The Statutory Auditors Report on the Financial Statements of the Company for FY 2023-24 does not contain any qualifications, reservations, adverse remarks or disclaimer.

The Company had discovered misappropriation of approx. 11 lakhs by an employee while making vendor payments. The employee involved has been expelled and the Company has filed a case against the employee. The case is sub judice. Pending recovery of the full amount, as a matter of prudence, the company has made a provision for the amount. The Company has further strengthened the internal control system to deter the reoccurrence of any such transactions in future. The same has been reported by the Statutory Auditors to the Audit Committee of the Company under Section 143(12) of the Act, in the year under review.

Secretarial Auditor and Secretarial Auditors Report

In terms of Section 204 of the Act and Rules made thereunder, S. Sandeep & Associates, Practicing Company Secretary (C.P. No. 5987) were appointed as Secretarial Auditors of the Company to conduct the Secretarial Audit of records and documents of the Company for FY 2023-24 and their report is annexed as Annexure - 3 to this report.

The Secretarial Auditors Report does not contain any qualifications, reservations, adverse remarks or disclaimer.

For FY 2023-24, the Company does not have any material unlisted Indian subsidiary. As such, the requirement to attach secretarial audit reports of material unlisted Indian subsidiaries pursuant to Regulation 24A (1) of the SEBI Listing Regulations is not applicable to the Company.

Cost Auditors

Maintenance of cost records as specified by the Central Government under Section 148 (1) of the Act is not applicable to the Company.

17. Risk Management

The Board of Directors of the Company has formed a Risk Management Committee to frame, implement and monitor the risk management plan for the Company. The Committee is responsible for monitoring and reviewing the risk management plan and ensuring its effectiveness. The Audit Committee has additional oversight in the area of financial risks and controls. The major risks identified by the businesses and functions are systematically addressed through mitigating actions on a continuing basis. The development and implementation of risk management policy has been covered in the Management Discussion and Analysis which forms a part of the Annual Report.

18. Particulars of Loans, Guarantees or Investments

The Company falls within the scope of the definition infrastructure company as provided by the Act. Accordingly, the Company is exempt from the provisions of Section 186 of the Act with regards to Loans, Guarantees, Securities provided and Investment.
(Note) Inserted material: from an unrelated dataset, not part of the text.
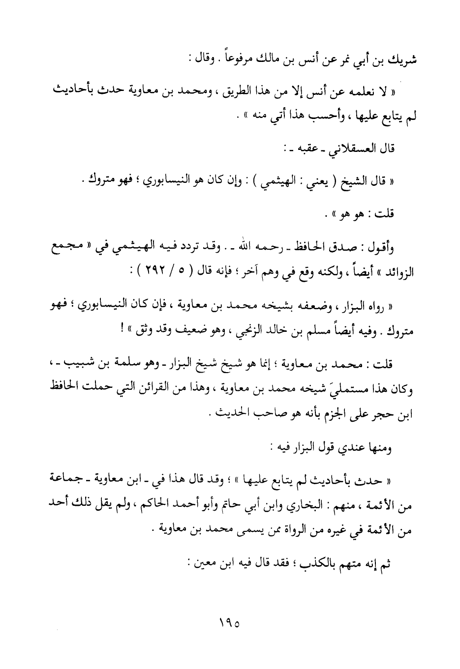 "حدث بأحاديث لم يتابع عليها"؛ وقد قال هذا في - ابن معاوية - جماعة من الأئمة، منهم: البخاري وابن أبي حاتم وأبو أحمد الحاكم، ولم يقل ذلك أحد من الأئمة في غيره من الرواة ممن يسمى محمد بن معاوية.

Therefore, no details are provided.

19. Related Party Transactions

In line with the requirements of the Act and the SEBI Listing Regulations, as amended, the Company has formulated a Policy on Related Party Transactions for identifying, reviewing, approving and monitoring of Related Party Transactions and the same can be accessed on the Companys website at

https://orientalhotels.co.in/investors/Policies/.

During the year under review, all Related Party Transactions that were entered into were in the Ordinary Course of Business and at Arms Length Basis. All transactions entered with related parties were approved by the Audit Committee. The information on transactions with related parties pursuant to Section 134(3)(h) of the Act read with Rule 8(2) of the Companies (Accounts) Rules, 2014, as amended, in Form AOC-2 is provided in the Annexure-4 to this Report.

20. Annual Return

As provided under Section 92(3) and 134(3)(a) of the Act, the Annual Return in Form MGT-7 for FY 202324 is available on the website of the Company at https://orientalhotels.co.in/investors/annual-report/.
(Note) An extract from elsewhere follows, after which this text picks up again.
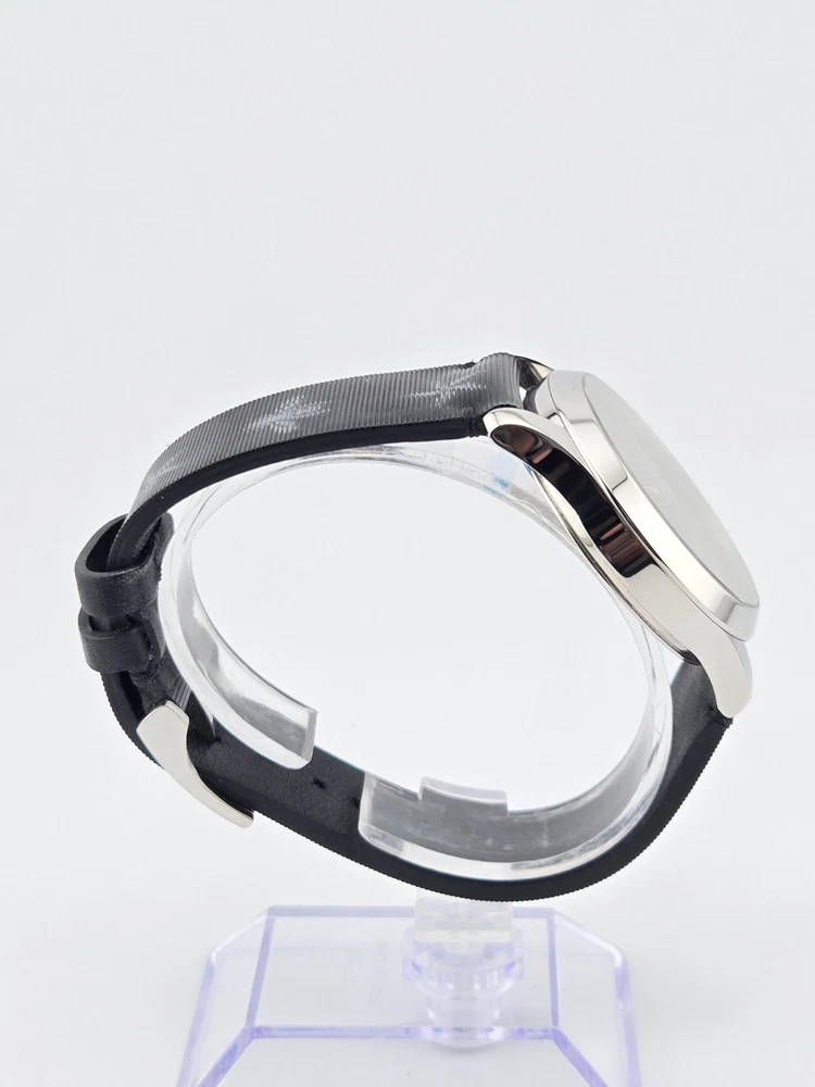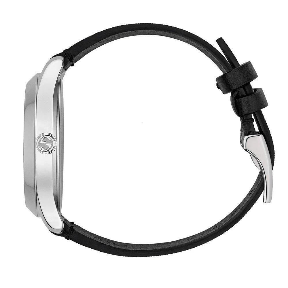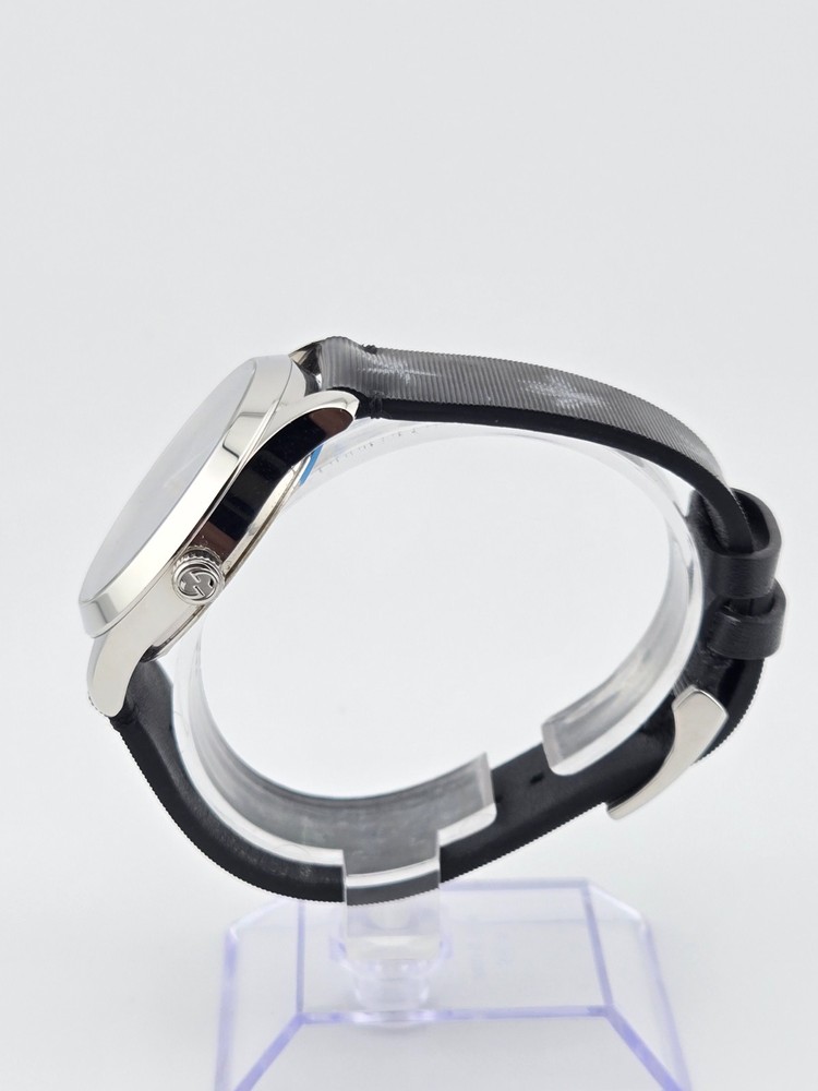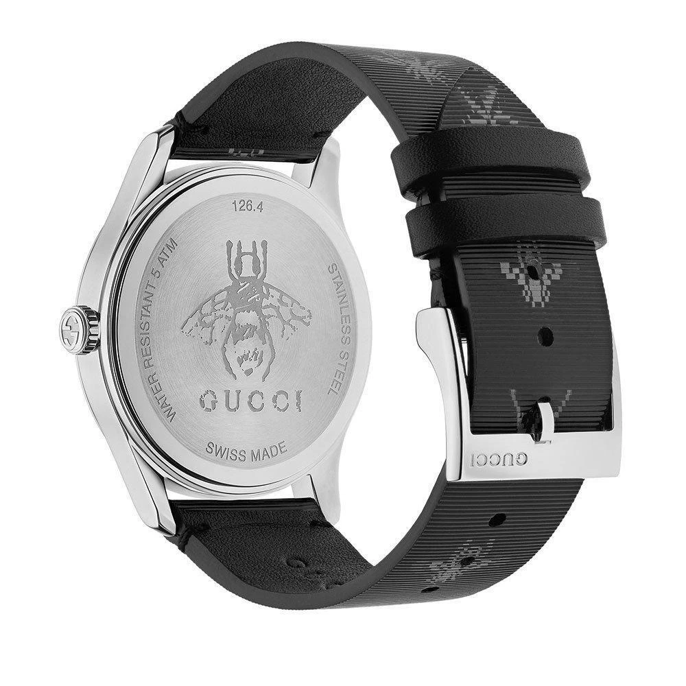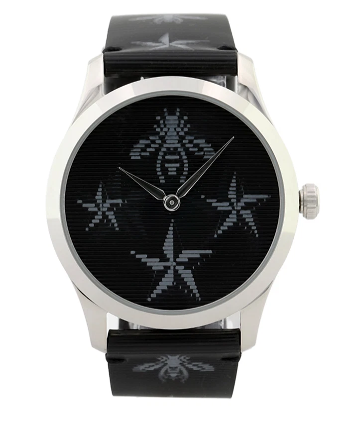 Gucci Women’s G-Timeless Black Dial Bee and Star Watch - YA1264105 ($920 MSRP) With Original Box! This watch is a Shelf Pull from one of the Major Department Stores. Watch has micro scratches on the watch case/band, visible under direct light. Established in 1921 by Guccio Gucci, the Italian fashion brand Gucci not only offers luxury bags, clothes, footwear, accessories, perfume, and beauty products but also provides some of the world’s finest watches. Offering exquisite Italian craftsmanship fused with Swiss technology — from delicate dress watches for women to robust dive watches for men, Gucci earns the trust not only of fashion aficionados but also serious watch enthusiasts. The Gucci Women’s G-Timeless Black Dial Bee and Star Watch - YA1264105 is a perfect blend of elegance and sophistication. It features a stainless steel case paired with a unique black leather strap adorned with bee and star prints. The fixed stainless steel bezel frames a black dial with silver-tone alpha-style hands and no markers, save for the iconic Gucci bee logo at the 12 o'clock position. This analog watch is powered by a precise quartz movement and is protected by a scratch-resistant sapphire crystal. Designed for both durability and style, the watch boasts a pull/push crown, a solid case back, and a round case shape with a diameter of 38 mm and a thickness of 8 mm. The band, which has a width of 20 mm, is secured with a tang clasp. Water-resistant up to 50 meters (165 feet), this dress watch is suitable for everyday wear. The Gucci Women’s G-Timeless Watch is a testament to the brand’s commitment to creating timeless, high-quality timepieces that seamlessly combine fashion and functionality. Features Stainless steel case with a black (bee and star print) leather strap. Fixed stainless steel bezel. Black (star print) dial with silver-tone alpha-style hands. No markers. The Gucci bee logo appears at 12 o'clock position. Dial Type: Analog. Quartz movement. Scratch resistant sapphire crystal. Pull / push crown. Solid case back. Round case shape. Case size: 38 mm. Case thickness: 8 mm. Band width: 20 mm. Tang clasp. Water resistant at 50 meters / 165 feet. Functions: hour, minute. Fast and Free Shipping You're already purchasing the item. Why pay additional for shipping, especially slow shipping? We get your order shipped out within 1-business day and delivered to your doorstep as quickly as possible. Competitive Pricing With our dynamic pricing model, our prices are always competitive. Our prices are some of the lowest that you will find on the internet. Rest assured that you're getting a good deal when purchasing with us. 30-day Money Back Guarantee We are committed to making sure that you leave this transaction satisfied. If you're unhappy with the product for any reason, you may return it back for your money-back or a replacement within 30 days. No questions asked!

21. Particulars of Employees

Disclosures pertaining to remuneration and other details as required under Section 197(12) of the Act, read with Rule 5(1) of the Companies (Appointment and Remuneration of Managerial Personnel) Rules, 2014, as amended, are annexed to this report as Annexure - 5.

In terms of the provisions of Section 197(12) read with Rule 5(2) and 5(3) of the Companies (Appointment and Remuneration of Managerial Personnel) Rules, 2014, a statement showing the names and other particulars of employees drawing remuneration in excess of the limits set out in the said Rules forms part of this report. Further, the report and the annual accounts are being sent to the Members excluding the aforesaid statement. In terms of Section 136 of the Act, the said statement will be open for inspection upon request by the Members. Any Member interested in obtaining such particulars may write to the Company Secretary at Ohlshares.mad@tajhotels.com.

22. Disclosure Requirements

As per SEBI Listing Regulations, the Corporate Governance Report with the Auditors Certificate thereon, and the Management Discussion and Analysis are attached as a separate section, which forms part of the Annual Report.

Pursuant to Regulation 34(2)(f) of the SEBI Listing Regulations and its Circular dated May 10, 2021, the Company has provided the Business Responsibility and Sustainability Report (BRSR) which indicates the Companys performance against the principles of the National Guidelines on Responsible Business Conduct. This would enable the Members to have an insight into environmental, social and governance initiatives of the Company.

As per Regulation 43A of the SEBI Listing Regulations, the Dividend Distribution Policy is disclosed in the Corporate Governance Report and is uploaded on the Companys website at https://orientalhotels.co.in/investors policies/.

The Company has devised proper systems to ensure compliance with the provisions of all applicable Secretarial Standards issued by the Institute of Company Secretaries of India and that such systems are adequate and operating effectively.

23. Deposits from Public

The Company has not accepted any deposits from public. There were no overdues on account of principal or interest on public deposits including the unclaimed deposits at the end of FY 2023-24 (Previous year ^ Nil).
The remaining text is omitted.